İnsan Hakları Platformu, 3 Mayıs Dünya Basın Özgürlüğü Günü dolayısıyla yayınladığı basın bildirisinde, içinden geçtiğimiz bu ortamda işlevsel demokrasi ve ifade özgürlüğünün önemini vurguladı ve en temel insan hakkı olan ifade ve düşünce özgürlüğünü yerel ve uluslararası arenada savunmaya devam edeceklerini bildirdi.
Bölgemizde ve dünya genelinde, otokratik rejimlerin yükselişi, iklim krizi ve artan eşitsizlik ile baskıların yaşandığı bir dönemde, toplumsal adalet, işlevsel demokrasi ve ifade özgürlüğü önemini giderek artırmaktadır.

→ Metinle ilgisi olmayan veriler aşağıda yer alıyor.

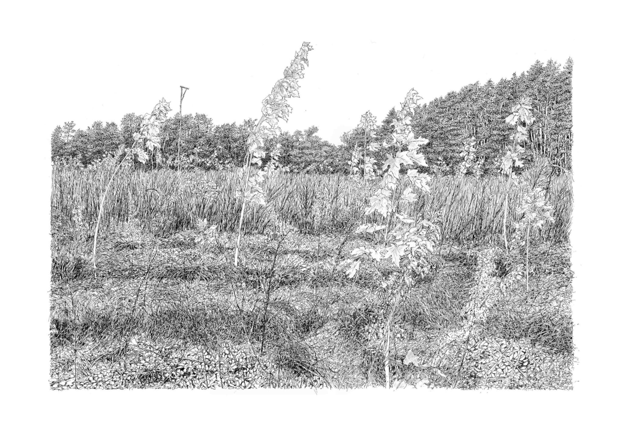 Plus limitierte Edition der Federzeichnung „Moor“ des Künstlers Rüdiger Tillmann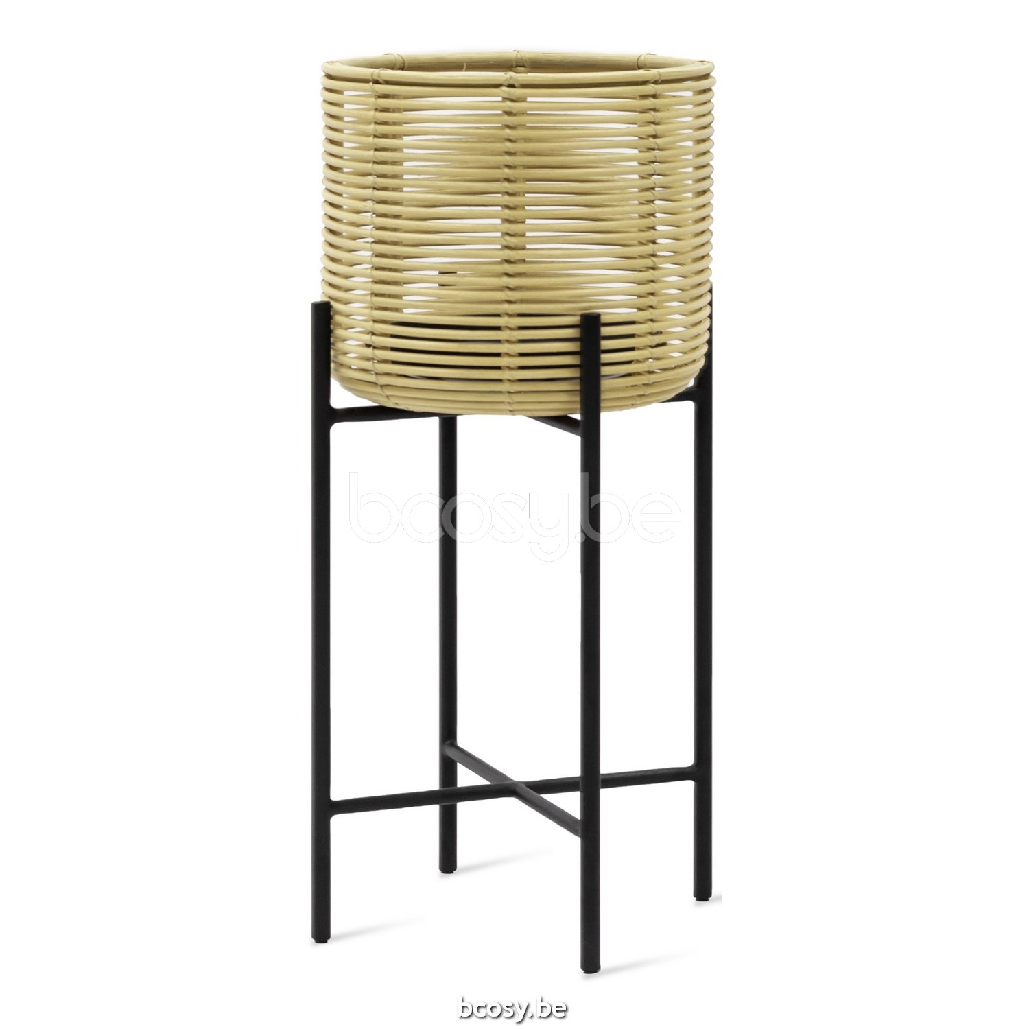Materiaal: Zwart gepoedercoat stalen frame met natuurlijke rotan plantenmand. Inclusief plastic schotel.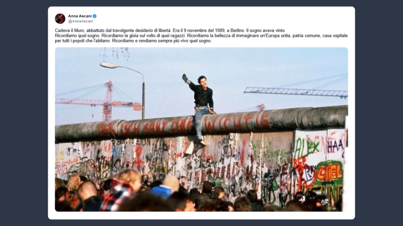 Il vicepresidente della Camera, Anna Ascani, ha scritto ieri su X: «cadeva il Muro, abbattuto dal travolgente desiderio di libertà. Era il 9 novembre del 1989, a Berlino il sogno aveva vinto. Ricordiamo quel sogno. Ricordiamo la gioia sul volto di quei ragazzi. Ricordiamo la bellezza di immaginare un’Europa unita, patria comune, casa ospitale per tutti i popoli che l’abitano. Ricordiamo e rendiamo sempre più vivo quel sogno».
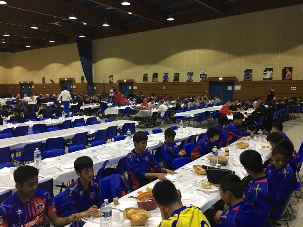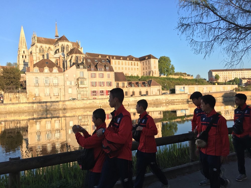 昼食も昨日と同じアカデミーの食堂で食べ、いよいよ大会の行われるサンスに向けてバスで出発しました。出発前には、トップチームが広島に勝利し首位に立ったことを聞き、メンバーの気持ちはより一層高まりました。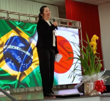 Etsuko Kakinohana Marubayashi dá as boas-vindas e manifesta seus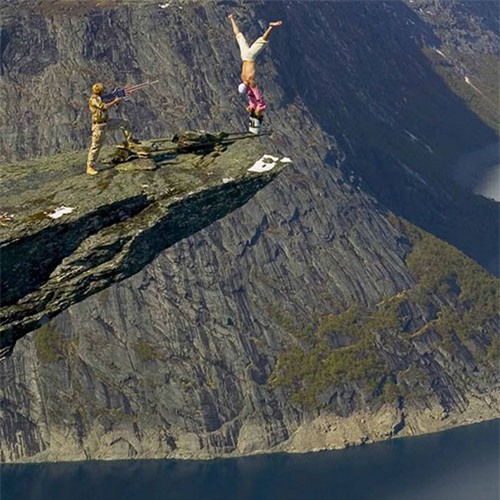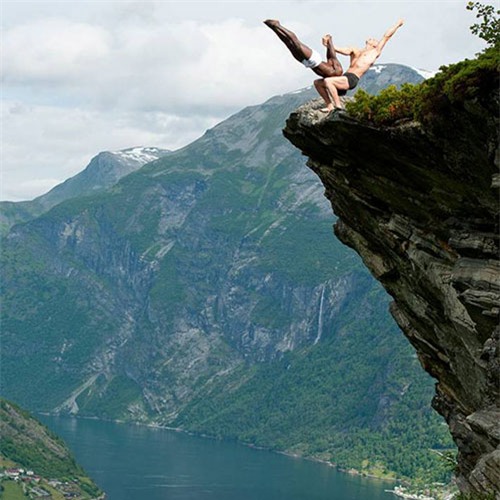 Ngoài ra, Eskil Ronningsbakken còn có nhiều màn biểu diễn nguy hiểm khác như thăng bằng đôi, lộn ngược trên vách đá...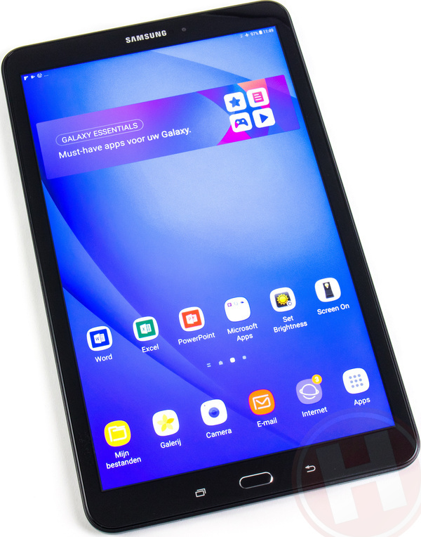 Met 525 gram is de Galaxy Tab A 10.1 redelijk zwaar. Waarschijnlijk vormt de grote 7300 mAh-accu de verklaring. Die maakt dat de tablet gemiddeld genomen het langst meegaat. Zowel in de videotest als bij webbrowsen noteren we een uitmuntende looptijd. Op zowel de Galaxy Tab A 10.1 als de Tab S3 vind je een versie van Android die er net als bij Samsungs smartphones anders uitziet dan stock, inclusief een aangepaste launcher en allerlei eigen apps. De stijl is weliswaar prima afgewerkt, maar strookt nog steeds niet met de rest van het OS.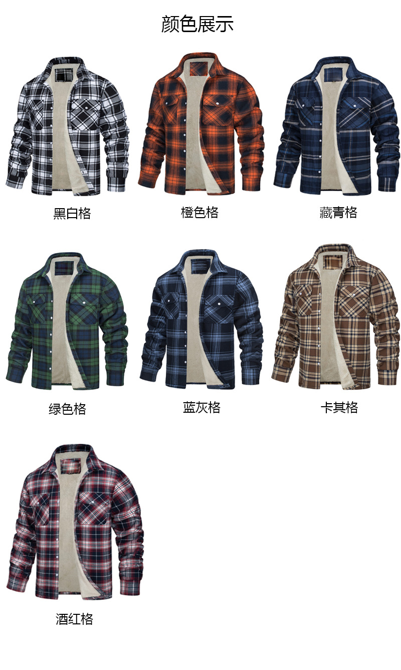 유럽과 미국 남성 자켓 2023 새로운 아마존 AliExpress 긴 소매 옷깃 격자 무늬 두꺼운 셔츠 남성 자켓스토어 가기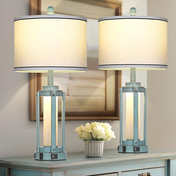 - Farmhouse Vintage Industrial Design:The lamp set of 2 offer a well-crafted rustic vintage design with a unique feature of dual night lights, making multiple lighting options. The pretty fabric lampshade complements the metal lamp stand, creating an elegant style with a warm 2700K glow. The lampstand's metal column and layered design allow the nightlight glow to warmly permeate, adding an comfortable vibe to your home space!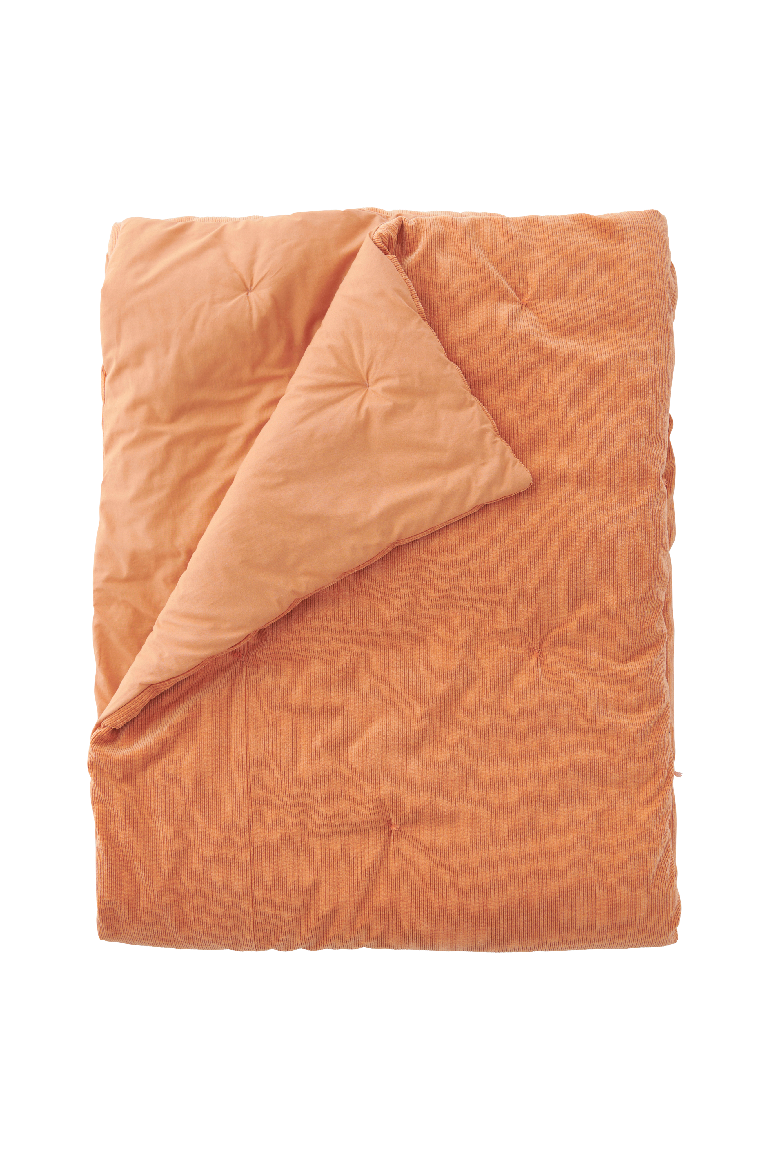 Tikattu päiväpeite pehmeää vakosamettia. Pienet tupsut. Sileä takaosa puuvillaa.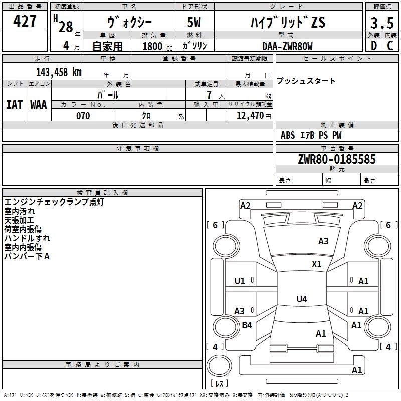 TOYOTA VOXY 2016 г., лот № 427

3 Mayıs Dünya Basın Özgürlüğü Günü, Birleşmiş Milletler Genel Kurulu tarafından, basın özgürlüğünün önemini vurgulamak ve hükümetleri 1948 İnsan Hakları Evrensel Beyannamesi’nin 19. Maddesi’nde yer alan ifade özgürlüğü hakkını korumaya çağırmak amacıyla ilan edilmiştir.
Ülkemizde gazetecilere ve muhaliflere açılan ifade özgürlüğü davaları, siyasi ve ekonomik baskılar altında editoryal bağımsızlığın zorlanması, Türkiye’ye girişi engellenen gazeteciler, otosansürün yaygınlaşması ve bağımsız medyanın ekonomik zorluklarla karşı karşıya olması, kamusal medya kurumlarının basın ve ifade özgürlüğü konusunda yaşadıkları sıkıntılar ciddi endişelere yol açmaktadır.
Bu önemli günde, İnsan Hakları Platformu olarak, siyasiler başta olmak üzere tüm kesimlere ifade özgürlüğünün ve basın özgürlüğünün korunması ve desteklenmesi gerektiğini hatırlatmak istiyoruz. Ayrıca, Platform olarak en temel insan hakkı olan ifade ve düşünce özgürlüğünü yerel ve uluslararası arenada savunmaya devam edeceğimizi, hak ihlaline uğrayanlara destek vermeye ve bu ihlalleri düzenli olarak izleyip raporlamaya devam edeceğimizi de vurgulamak istiyoruz.